On 16 November 1414, Emperor Sigismund called the Council of Constance to settle the Western Schism between the three popes (Benedict XIII, Gregory XII, and John XXIII), all of whom claimed legitimacy. Frederick IV of Habsburg sided with John XXIII. When John XXIII was declared an antipope, he fled the city with Frederick's help. The emperor then declared the Habsburg lands forfeited and ordered the neighboring countries to conquer those lands for the emperor. The city-state of Bern had already pledged their support of the emperor against the Habsburgs in 1414, and so they were ready to invade. The rest of the Confederation quickly followed.

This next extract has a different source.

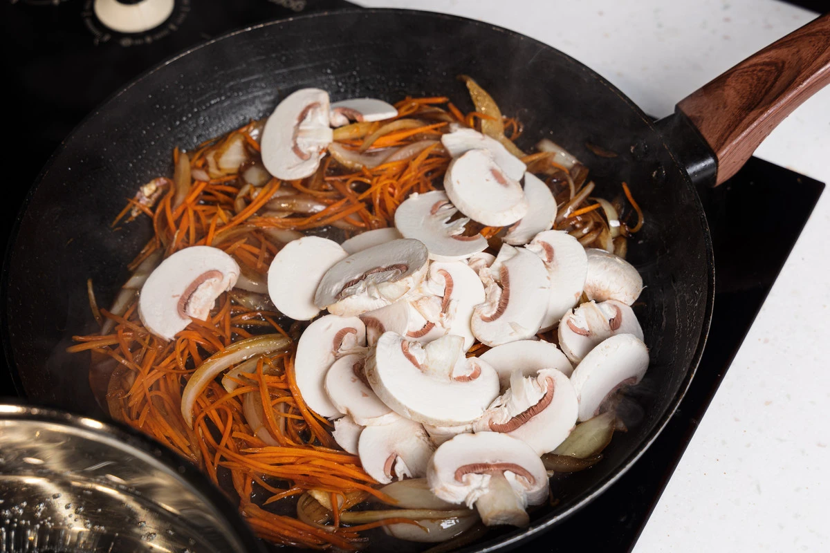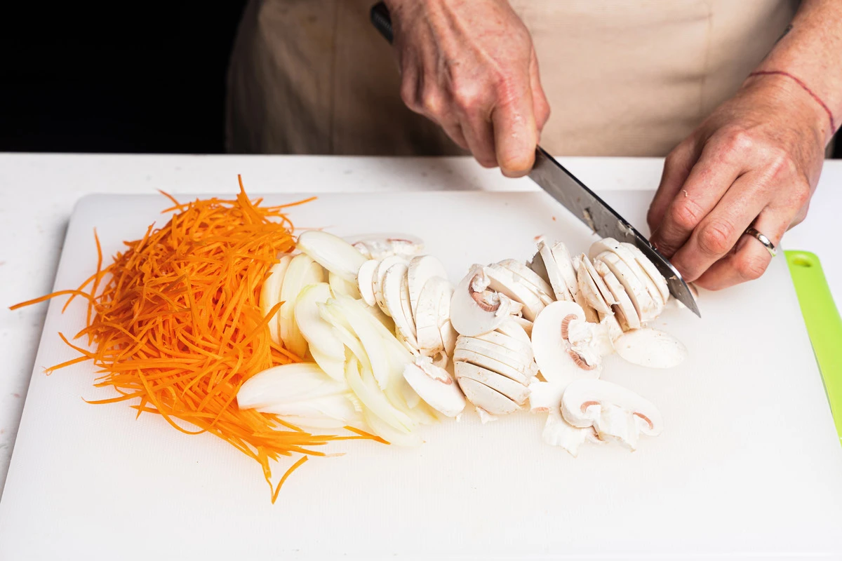 Морковь помойте, почистите и измельчите на тёрке соломкой. Репчатый лук почистите и нарежьте перьями. Грибы протрите салфеткой или промойте, потом обязательно обсушив. Нарежьте грибы пластинами.

The territory was quickly conquered in 1415 by the Confederation. Under Habsburg rule Aargau was divided into multiple sections (Ämter), which were maintained under the Confederation. Bern, Lucerne and Zurich were each given a portion of the conquered region to administer. The rest of the Freie Ämter were collectively administered as subject territories by the rest of the Confederation – effectively a condominium. Muri Amt was assigned to Zurich, Lucerne, Schwyz, Unterwalden, Zug and Glarus, while the Ämter of Meienberg, Richensee and Villmergen were first given to Lucerne alone. The final boundary was set in 1425 by an arbitration tribunal and Lucerne had to give the three Ämter to be collectively ruled. The four Ämter were then consolidated under a single Confederation bailiff into what was known in the 15th century as the Waggental Bailiwick (Vogtei im Waggental). In the 16th century, it came to be known as the Vogtei der Freien Ämter. While the Freien Ämter often had independent lower courts, they were forced to accept the Confederation's sovereignty. Finally, in 1532 the canton of Uri became part of the collective administration of the Freien Ämter.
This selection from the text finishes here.